Fig. 3. ncPRC1 core subunits are bound to both silent and active genes.

(A) Expression analysis of genes located near the indicated PRC1 subunits in control epidermal progenitors. Note higher level of expression in genes bound by ncPRC1 subunits, compared with genes bound by cRPC1 subunits. Gene expression data is presented as FPKM values in box-and-whisker boxplots. Midline, median; box limits, 25th percentile (lower quartile) and 75th percentile (upper quartile); upper whisker, 75th-95th percentile; lower whisker, 5th-25th percentile. (B) Integrative Genomics Viewer (IGV) ChIP-seq and RNA-seq browser views for the indicated markers and genotypes in epidermal progenitors. Note that in active gene bound by ncPRC1 subunits, loss of PRC1-global activity results in downregulation of gene expression, whereas loss of PRC1-catalytic activity or PRC2 does not affect gene expression. Data was obtained from the Gene Expression Omnibus (GEO) database (GSE112460) and was analyzed as previously described.^[21]

In addition to the suppression of PRC1-catalytic activity and displacement of H2AK119ub deposition from active genes, PRC1-dependent transcriptional activation probably requires additional mechanisms. PRC1 plays an important role in regulating the genomic architecture, securing proper topological promoter-promoter and promoter-enhancer interactions.^[74] Recently, the three-dimensional organization of enhancer-promoter interactions mediated by PRC1 has been shown to be essential for the activation of Meis2 in midbrain during embryonic development.^[88] It is noteworthy that ncPRC1.3 and ncPRC1.5 complexes function to repress Meis2 at the distal forelimb bud,^[89] suggesting that specific interactions with corepressors or coactivators might determine the switch between gene repression and activation by PRC1. Indeed, in the central nervous system, PRC1 interaction with the tissue-specific transcription factor AUTS2 mediates the recruitment of P300 histone acetyltransferase, which in turn activates transcription.^[87] Future studies of tissue-specific PRC1-interacting partners, as well as the dynamic changes in PRC1 accessory subunits composition during cell differentiation, are expected to shed light on the mechanisms by which PRC1 complexes contribute to gene activation.

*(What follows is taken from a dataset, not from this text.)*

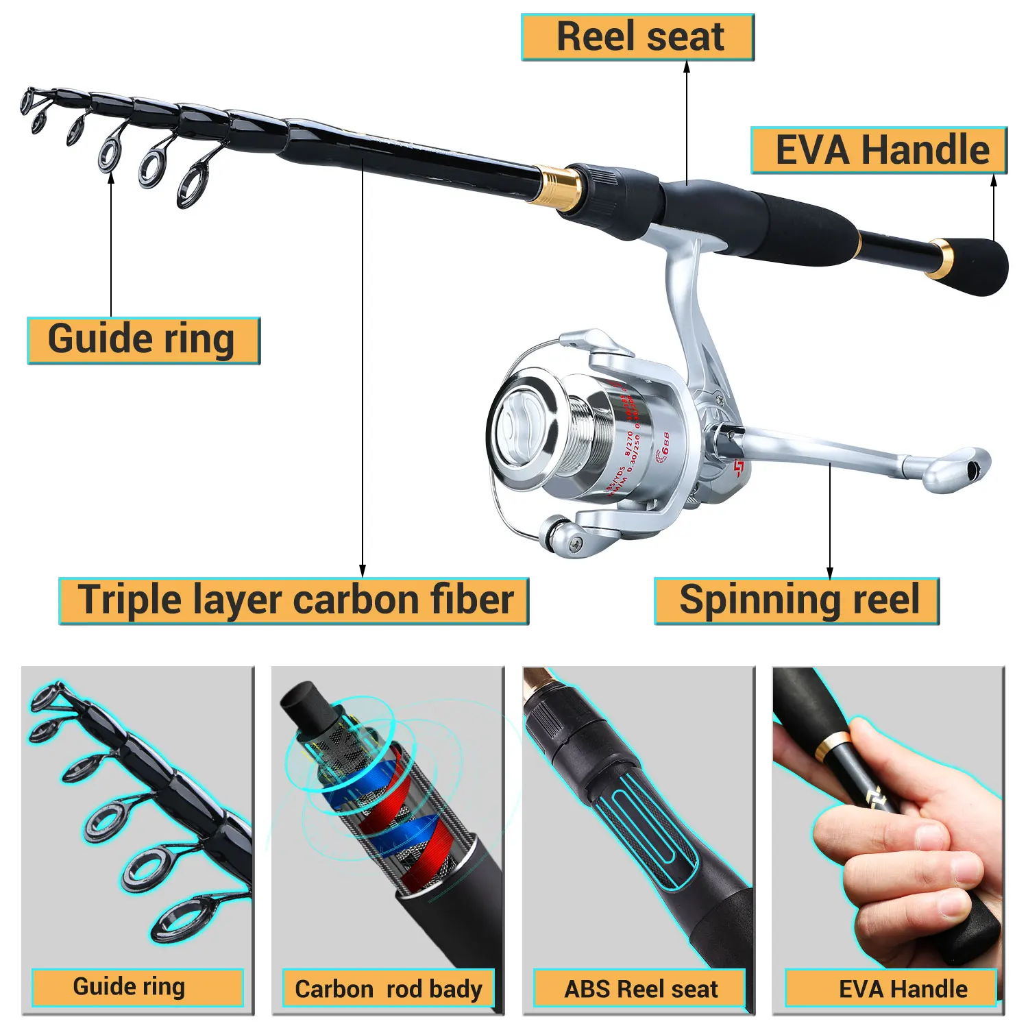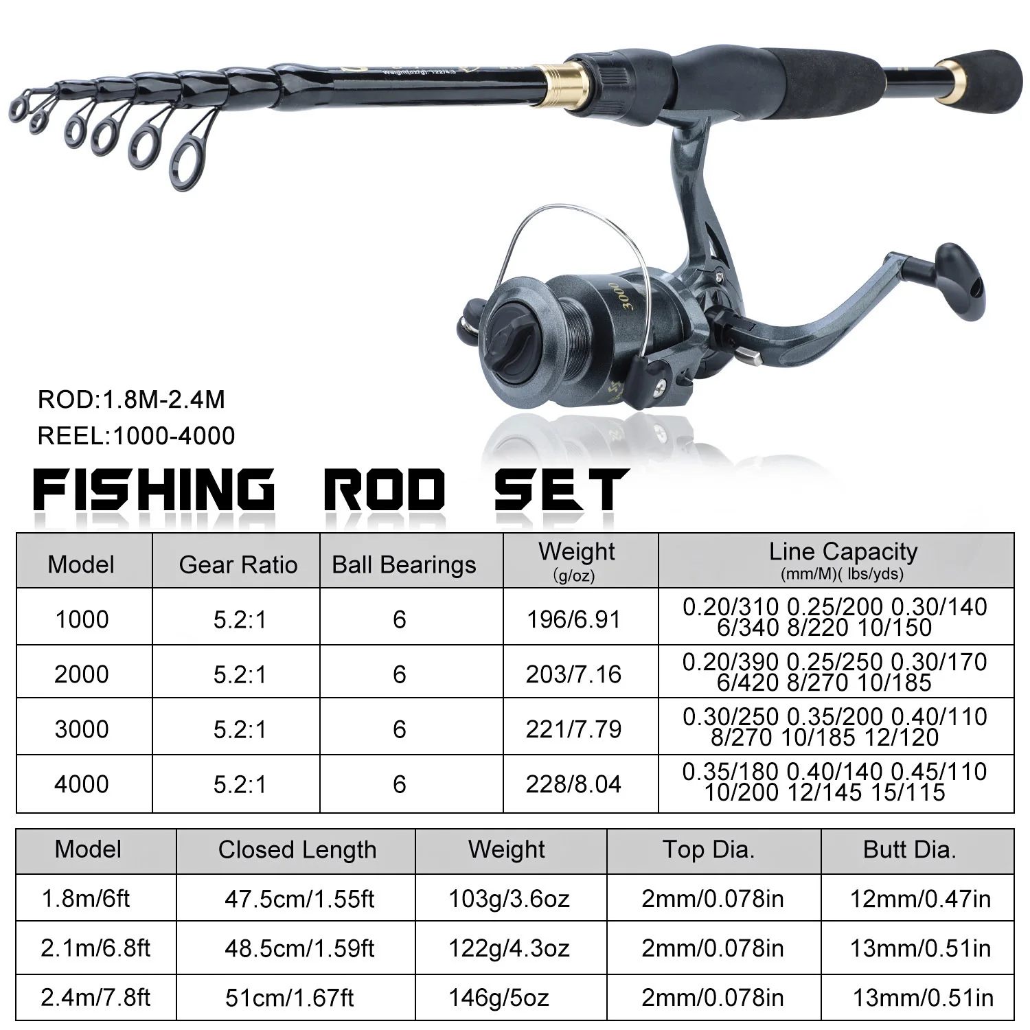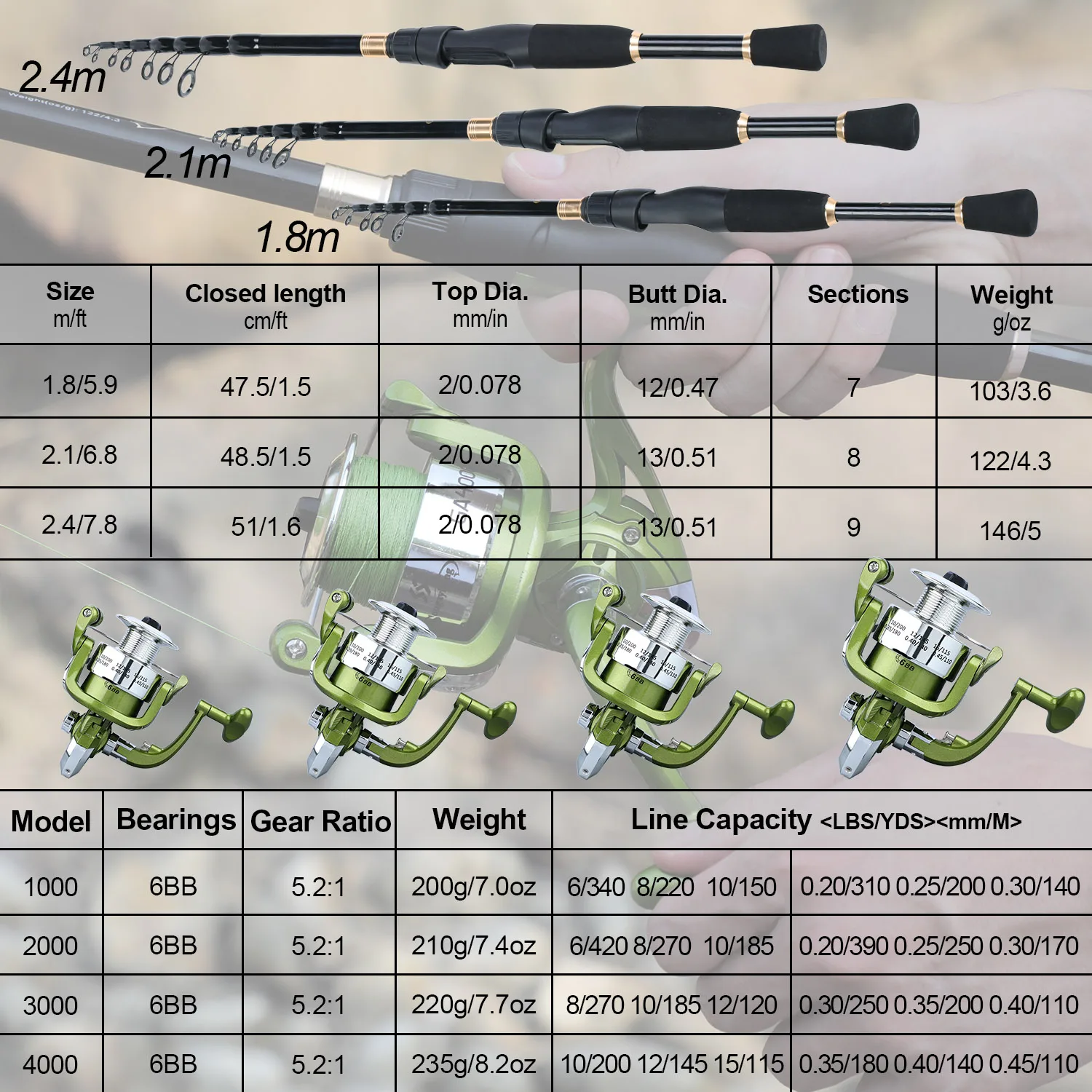 1 * caña de pescar + 1 * carrete de pesca + 1 * accesorios de pesca + 1 * línea de pesca de 100M

7. Concluding remarks and future perspectives

Here we describe some of the recent and exciting findings on PRC1 complexes, stressing the complexity behind Polycomb systems and highlighting our incomplete understanding of the diverse molecular mechanisms by which PRC1 complexes regulate gene expression. PRC1-catalytic activity has recently emerged as a central feature required for Polycomb-mediated transcriptional repression; yet we still do not entirely understand the specific function of PRC1-mediated H2AK119ub in this process. It is currently unclear whether this histone mark has a direct repressive role, or whether it mostly facilitates the recruitment of PRC2 complexes to chromatin. In addition to H2AK119 monoubiquitination, it is possible that PRC1-catalytic activity represses transcription by modifying histone H2A.Z variant^[90] or does so indirectly through the modification of RING1A/B itself and/or other protein substrates.^[91] Finally, the presence of ncPRC1 complexes at active genes is surprising and fascinating, given the view of Polycomb complexes as classical transcriptional repressors. Remarkably, it seems that ncPRC1 complexes are more abundant at active genes compared with their relevant occupancy at silent genes. In some cases, PRC1 complexes attenuate the expression of those active genes, whereas in other cases PRC1 complexes promote the expression of their target genes.^[21] Given the overwhelming diversity in PRC1 complexes and their accessory subunit composition, understanding the dynamic changes in PRC1 complexes composition during transition from silent to active states is warranted. Careful and in-depth dissection of these open questions should increase our knowledge and provide novel insights into the precise functions and mechanisms behind PRC1-mediated transcriptional control.